Note: This code often (but not always) produces the following error when attempting to save the PNG-based map:
ValueError: Transform failed with error code 525: Map error.
This only seems to occur when attempting to save tile-based maps with labels. There has been some discussion of this error online, but I wasn’t able to find a solution. (However, I found at one point that, after exiting and restarting JupyterLab, the error message disappeared and I was able to save the PNG copy of the map successfully.)
If you need to save a PNG version of a labeled choropleth map and are getting this error on your end also, consider using gen_choropleth()
rather than gen_choropleth_map()
. You should able to create a PNG file via Selenium (see the Folium mapping sections for relevant code). (If you don’t need to automate this step, you could of course also just open up the map in a web browser, then generate a screenshot yourself.)
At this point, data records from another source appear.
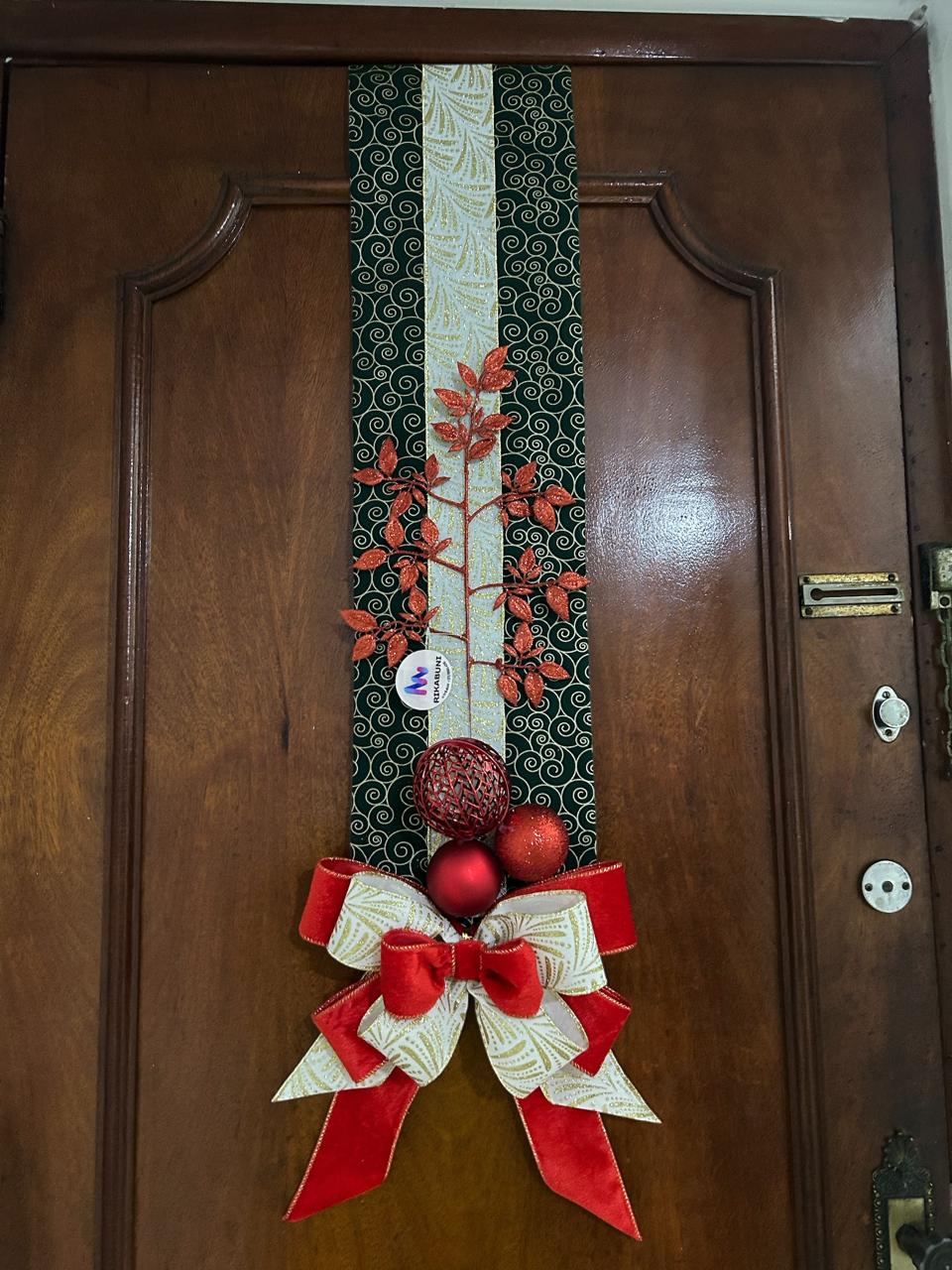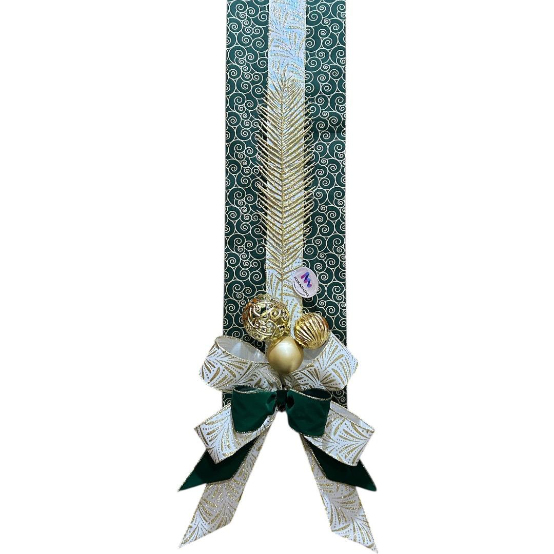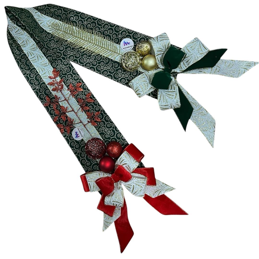 Transforme sua decoração natalina com este luxuoso escapulário verde da RIKABUNI. Confeccionado em tecido premium de alta qualidade, este ornamento pendente apresenta um design sofisticado com laços em veludo que adicionam um toque de elegância. O que torna esta peça verdadeiramente especial é a decoração única em cada extremidade - uma ponta é decorada com bolas douradas e a outra com bolas vermelhas, criando um contraste deslumbrante. O padrão em espiral dourado no fundo verde escuro adiciona profundidade e sofisticação ao design. Os laços em veludo, em verde e vermelho, complementam perfeitamente a estética festiva, enquanto as bolas natalinas cuidadosamente posicionadas proporcionam um acabamento luxuoso. Este escapulário é perfeito para decorar portas, janelas ou qualquer espaço que precise de um toque natalino elegante e diferenciado.
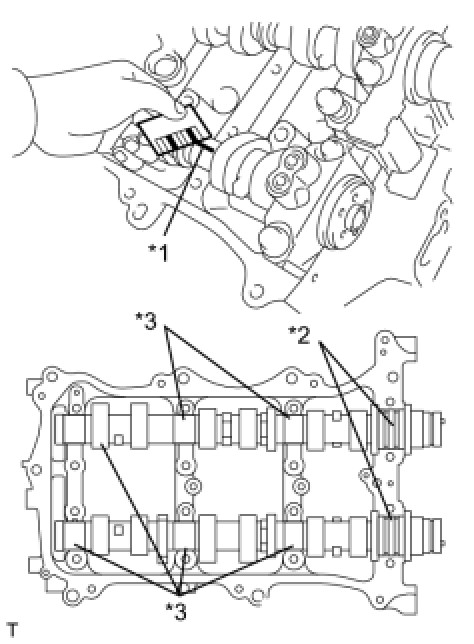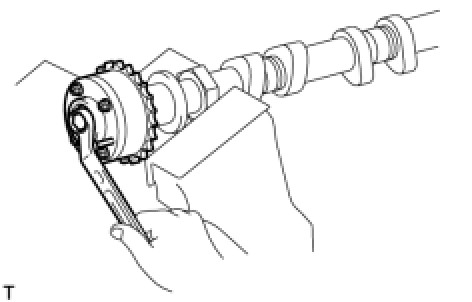 (1) Clamp the camshaft in a vise, and confirm that the camshaft timing gear assembly is locked.
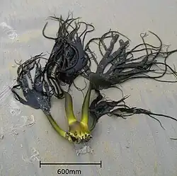 The blades of Durvillaea antarctica are green to golden brown with a leathery texture. The honeycomb structure of the blade gives strength and buoyancy.[7][8] This novel structure is thought to be responsible for the wide distribution of this genus, as the kelp is able to float when its holdfast fails. It can colonise other coastlines in this manner, and has been shown to carry communities of invertebrates across vast ocean distances from one shore to another.[9] Specimens of D. antarctica have been found to float for up to 210 days, during which time high wind speeds transport kelp rafts up to 10,000 km.[10] Environmental factors such as temperature, solar radiation and surface winds (all of which vary with latitude) affect buoyancy of rafts and their rate of travel.[10] Rafts of D. antarctica are more likely to disperse offshore if plants detach during outgoing tides during autumn and winter.[11] It is thought that this 'rafting' with Durvillaea antarctica and other floating seaweeds allowed a wide range of species to recolonise sub-Antarctic shores scoured clean by ice during the last Ice Age.[12]
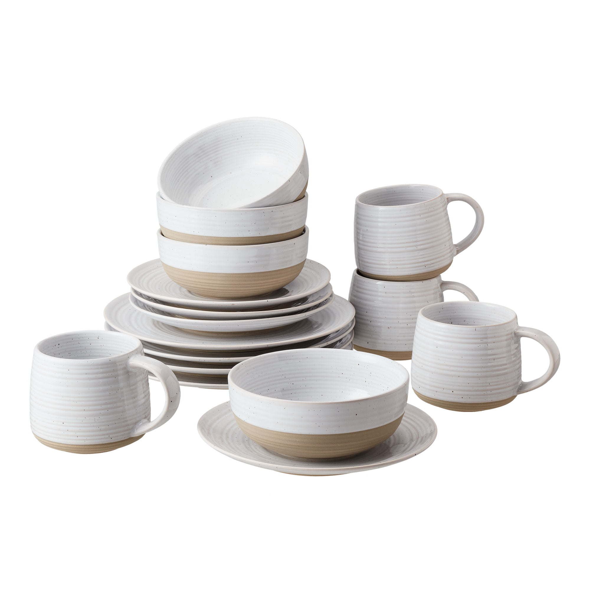 The Better Homes & Gardens Abbott Stoneware 16 Piece Dinnerware Set adds a warm, modern sophistication to all of your dinnertime gatherings. Crafted with high-quality, durable stoneware, this dinnerware collection features delicate speckles and exposed clay details that exude rustic charm. The contrast between the shiny, glazed stone and matte, exposed clay creates an artisanal flair that elevates any dining experience. Designed in beloved neutral tones, this set easily complements just about any home decor style. Layout your favorite cutlery and tablecloth, and let the Better Homes & Gardens Abbott Stoneware Set do the rest. Offering service for four, this stoneware set includes four dinner plates, four salad plates, four dinner bowls, and four mugs. Each piece is dishwasher and microwave safe, so after-dinner cleanup and reheating leftovers is a breeze - it doesn't get any better than that.
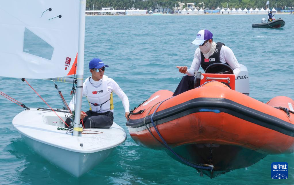 4月23日,中国选手王雅格(左)和颜果果(中)在ILCA4帆船女子第1轮比赛后与教练交流。

options_dict_list = [{'zoom':4.3, 'save_static':False,
'save_html':True, 'title':''},
{'zoom':5.4, 'save_html':False, 'save_static':True,
'title':f'Population % Change by \
State from {year_range_start} to {year_range_end}'}]
filename = f'state_pop_pct_growth_{year_range_start}\
-{year_range_end}_tiled'
for options_dict in options_dict_list:
try:
gdf = gen_choropleth_map(
original_gdf=gdf_states_and_growth_stats_for_tiled_maps,
geojson_col='geometry',
location_name_col='State',
data_col=data_col, extra_hover_cols=extra_hover_data,
color_continuous_scale=custom_color_scale,
title=options_dict['title'],
colormap_type='percentile',
colorscale_tick_count=10,
tick_round_value=2,
label_round_value = 1,
revise_state_label_points = True,
static_file_folder=static_file_folder,
html_file_folder=html_file_folder,
filename=filename,
custom_colorbar_title='% Change',
add_labels=True,
zoom=options_dict['zoom'],
save_static = options_dict['save_static'],
save_html = options_dict['save_html'])
except:
print("Failed to generate map. (This happens at times when \
attempting to save screenshots of tiled choropleth maps with labels; \
I'm not sure why.)")
# If the function failed to save the PNG-optimized map, the copy shown
# below will be a previously-generated one.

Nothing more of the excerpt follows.